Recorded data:
----

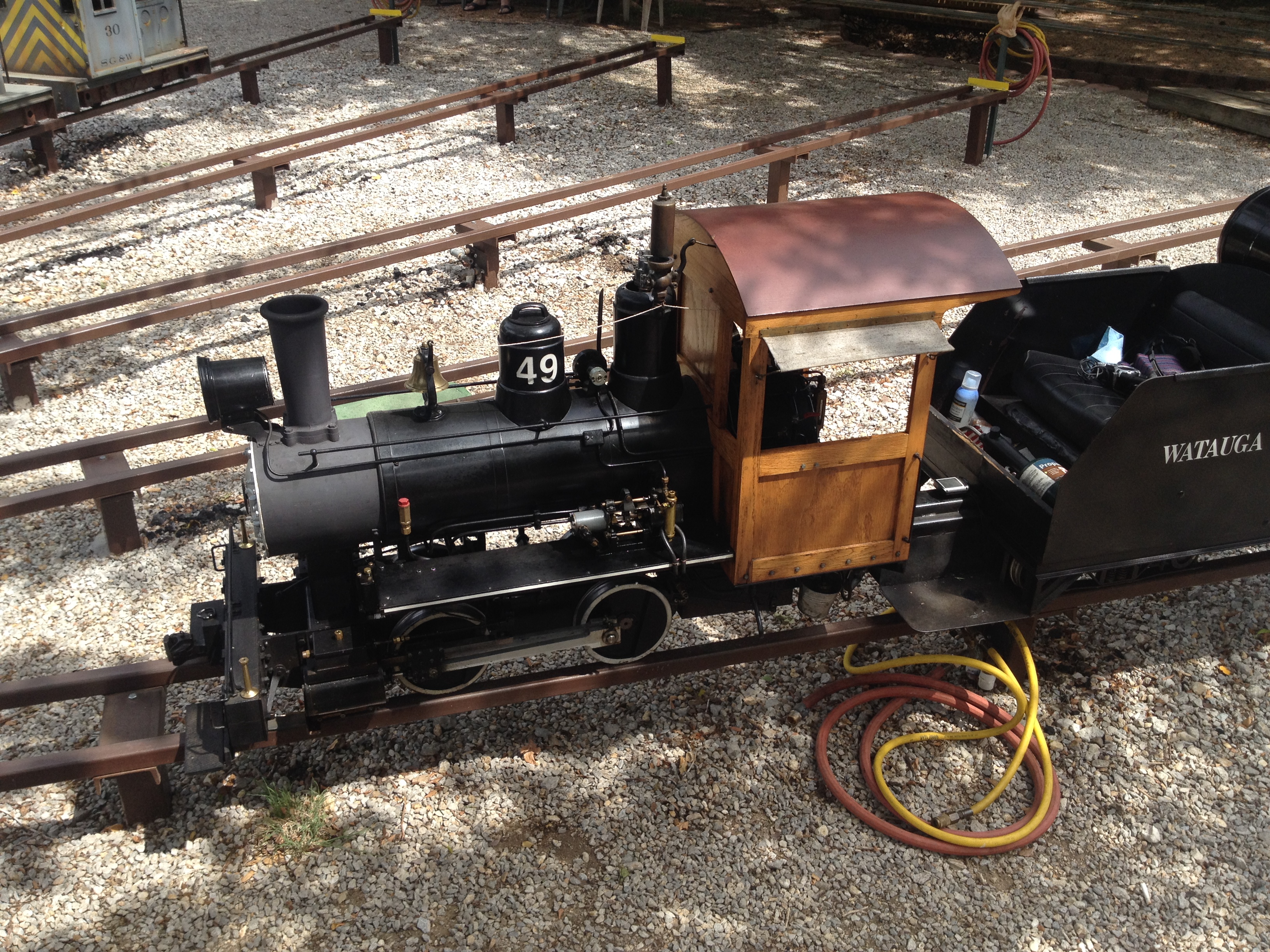 Wayne Davis' freelance 2-1/2 inch gauge locomotive. Taken at AV&WRR, 17 May 2014. Photo by Daris A. Nevil.
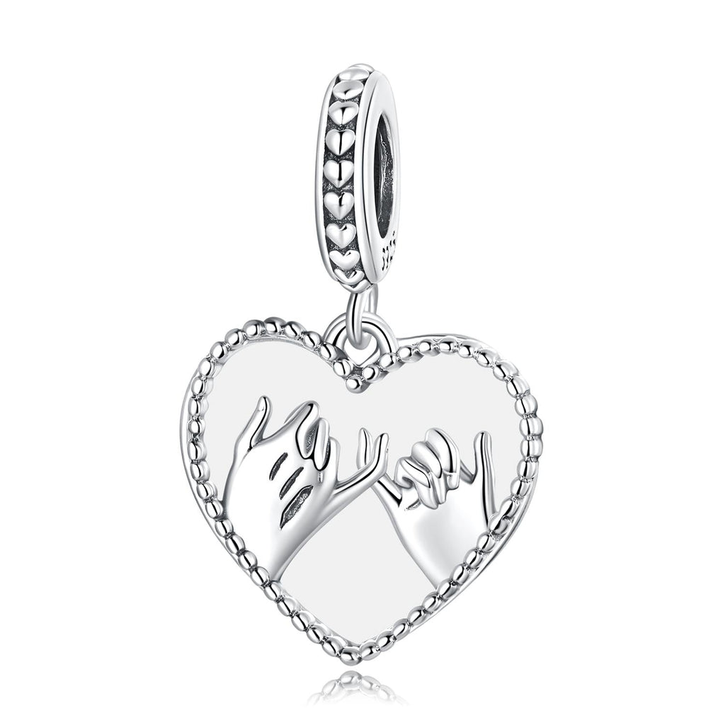 925 Sterling Silver Hand In Hand Heart Pendant For Diy Bracelets & Necklaces
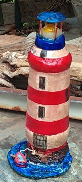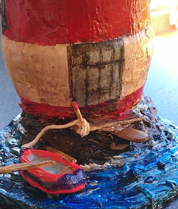 I did not need a lot of materials. Some imagination, the small ball from a deodorant, a mini ‘table’ from a box of pizza, some plaster bandage, crackle pasta, a tiny amount of clay, the beloved paper glue plus a glue gun, some acrylic colours, and… my lighthouse was ready!
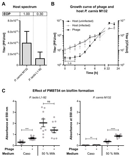 Physiological analysis of PMBT54: (A) Efficiency of plating (EOP) of phage PMBT54 on susceptible Pseudomonas strains. Preliminary spot tests were conducted on 27 Pseudomonas strains (see Table S1) to test host susceptibility. The EOPs of the phage (propagated on P. carnis M132) were subsequently determined on overnight cultures of the two identified susceptible strains, P. lactis L1-92 and P. carnis M132. Error bars indicate the standard deviation of five biological replicates. (B) Growth curve of PMBT54 on isolation strain P. carnis M132 and growth curves of P. carnis M132 (infected and uninfected). The host strain was infected at a MOI of 0.1, and both phage and bacterial titres were measured at regular intervals for 7 h post-infection and after overnight incubation. Error bars indicate the standard deviation of three biological replicates. L.p. = latent period. (C) Biofilm formation of uninfected and infected host bacteria in Caso broth and 50% milk medium. Biofilm formation was quantified by crystal violet staining and absorbance measurement at 550 nm. Data points of three biological replicates, each encompassing three technical replicates, are illustrated as dots. Bars represent the mean of all points, including standard deviation. Statistical significance was assessed by calculating the p-values of two indicated samples using an unpaired t-test; ns = p ≥ 0.05 (not significant); ** = p ≤ 0.01; *** = p ≤ 0.001; **** = p ≤ 0.0001.
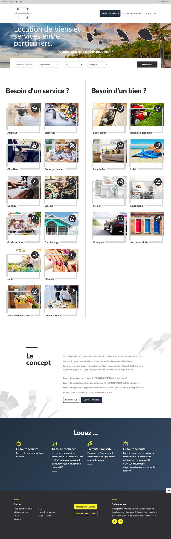Le Coin Location est une plateforme de location de biens et de services entre particuliers en Martinique, en Guadeloupe et à la Réunion.

----

In the records above, take every line from the opening one through the line with "I did not need" and repeat it exactly; pictures are not part of the copy.

- **YOUR SOLUTION**:
 Wayne Davis' freelance 2-1/2 inch gauge locomotive. Taken at AV&WRR, 17 May 2014. Photo by Daris A. Nevil.
 925 Sterling Silver Hand In Hand Heart Pendant For Diy Bracelets & Necklaces
 I did not need a lot of materials. Some imagination, the small ball from a deodorant, a mini ‘table’ from a box of pizza, some plaster bandage, crackle pasta, a tiny amount of clay, the beloved paper glue plus a glue gun, some acrylic colours, and… my lighthouse was ready!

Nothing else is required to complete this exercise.